Indicates statistical significance (P<0.05).

Immunohistochemical expression in peritoneal nodules and prognosis

The impact of immunohistochemical expression in peritoneal nodules on prognosis was similar to that of the primary tumour. The expression of CD133, ALDH1 and Lgr5 was not associated with overall survival (46.4 vs. 20.9%, P=0.617 for CD133; 35.7 vs. 26.9%, P=0.576 for ALDH1; and 29.0 vs. 34.8%, P=0.679 for Lgr5) (Fig. 5A–C). By contrast, the 5-year disease-free survival after complete surgery was significantly superior in the patients with CD133-positive peritoneal nodules (39.5 vs. 22.4%, P=0.040). However, no significant difference was observed in the expression of ALDH1 and Lgr5 in peritoneal nodules (27.9 vs. 34.7%, P=0.906 for ALDH1; and 27.5 vs. 45.8%, P=0.767 for Lgr5) (Fig. 5D–F).

Figure 5

Association of stem cell marker expression levels in peritoneal nodules with prognosis. Overall survival according to the expression of (A) CD133, (B) aldehyde dehydrogenase-1 (ALDH1), and (C) leucine-rich repeating G-protein coupled receptor-5 (Lgr5). Disease-free survival according to the expression of (D) CD133, (E) ALDH1, and (F) Lgr5.

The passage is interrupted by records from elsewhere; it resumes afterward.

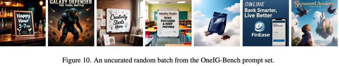 评估协议 (Evaluation protocol)。 对来自三个不同提示集的高分辨率 图像生成进行全面评估:(a) 来自 COCO 2014 验证集的 10K 标题,(b) 来自 HPSv2 基准的 3200 个提示,(c) 来自 OneIG-Bench的 1120 个提示,(d) 来自 GenEval 基准的 553 个提示,(e) 来自 DPG-Bench的 1065 个提示,以及 (f) 来自 LongText-Bench的 160 个提示。对于 COCO 和 HPSv2 集,我们报告常见指标,包括 FID、补丁 FID (pFID)、CLIP 相似度、VQAScore和 HPSv2.1。在 COCO 提示上,FID 是针对真实图像计算的,反映数据对齐。在 HPSv2 上,CLIP 和 VQAScore 衡量提示对齐,而 HPSv2 捕捉人类偏好对齐。对于 OneIG-Bench、GenEval、DPG-Bench 和 LongText-Bench,采用其官方评估协议并基于其各自的基准指标报告结果。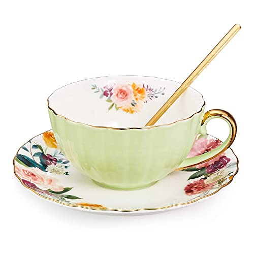 Jiotouhu Tasse thé élégante avec cuillère et soucoupe vintag...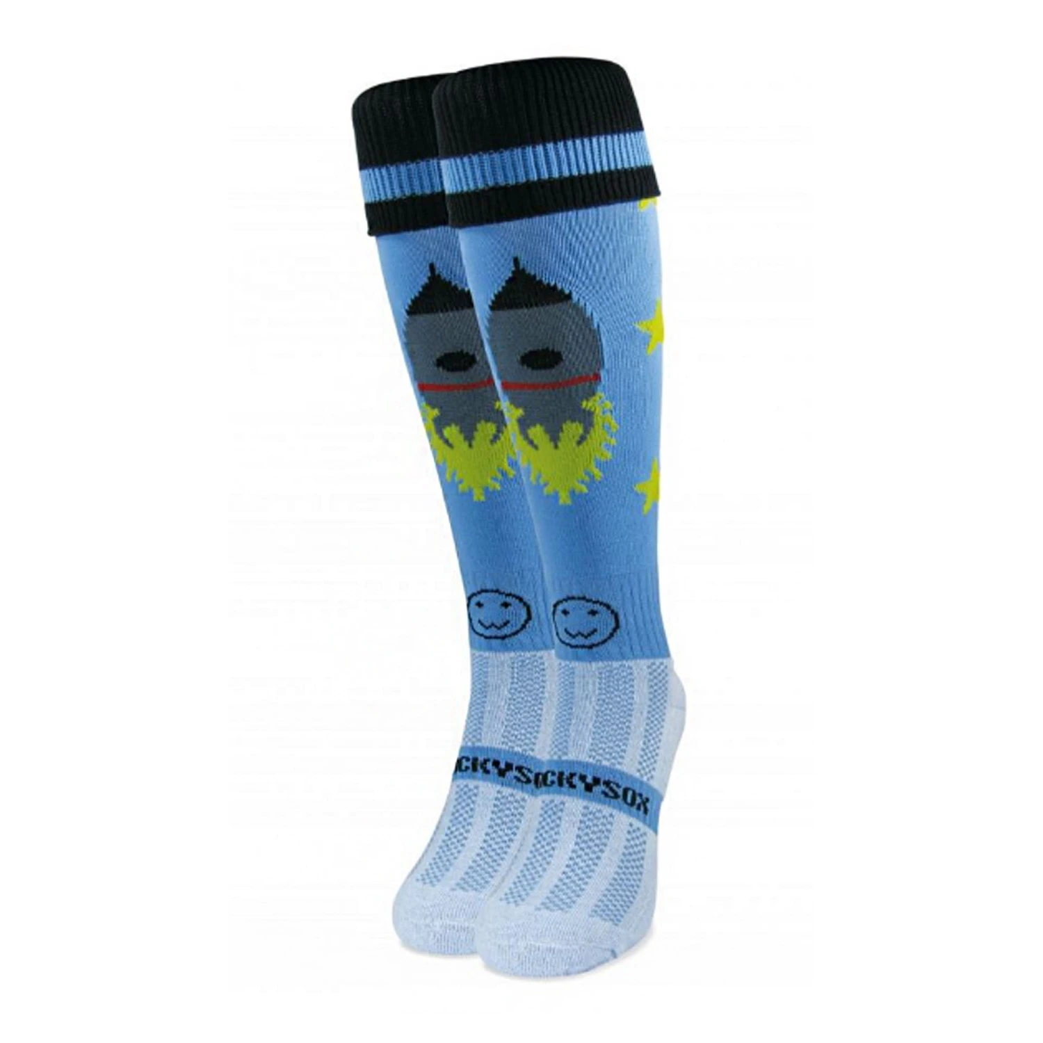 Pocket Rocket WackySox are sky blue knee length socks with a single large image of a space rocket in grey, black and yellow on the front of the shin and small yellow stars to the side of each leg. The words POCKET ROCKET are written in black on the back of each leg. There are sky blue and black hoops in the turnover top and a black Wacky face logo on the front of the ankle.

The CD133 expression patterns were clearly associated with disease-free survival. The optimal survival was observed when both the primary tumour and peritoneal nodules were CD133-positive (double positive, Fig. 6), and this was followed by the survival of patients with CD133 positivity either in the primary tumour or peritoneal nodules (single positive). The worst survival was observed when CD133 expression was negative in both the primary tumour and peritoneal nodule (double negative) (49.8, 33.0 and 13.7%, respectively; P-value for the trend, P=0.011) (Fig. 7).

Figure 6

CD133 staining pattern in (A) a primary tumour and (B) a peritoneal nodule (original magnification, ×100; scale bars, 100 µm).

Figure 7

Association of the expression pattern of CD133 and disease-free survival. Double positive, both primary tumour and peritoneal nodules are CD133-positive; single positive, either primary tumour or peritoneal nodules are CD133-positive; double negative, both primary tumour and peritoneal nodules are CD133-negative.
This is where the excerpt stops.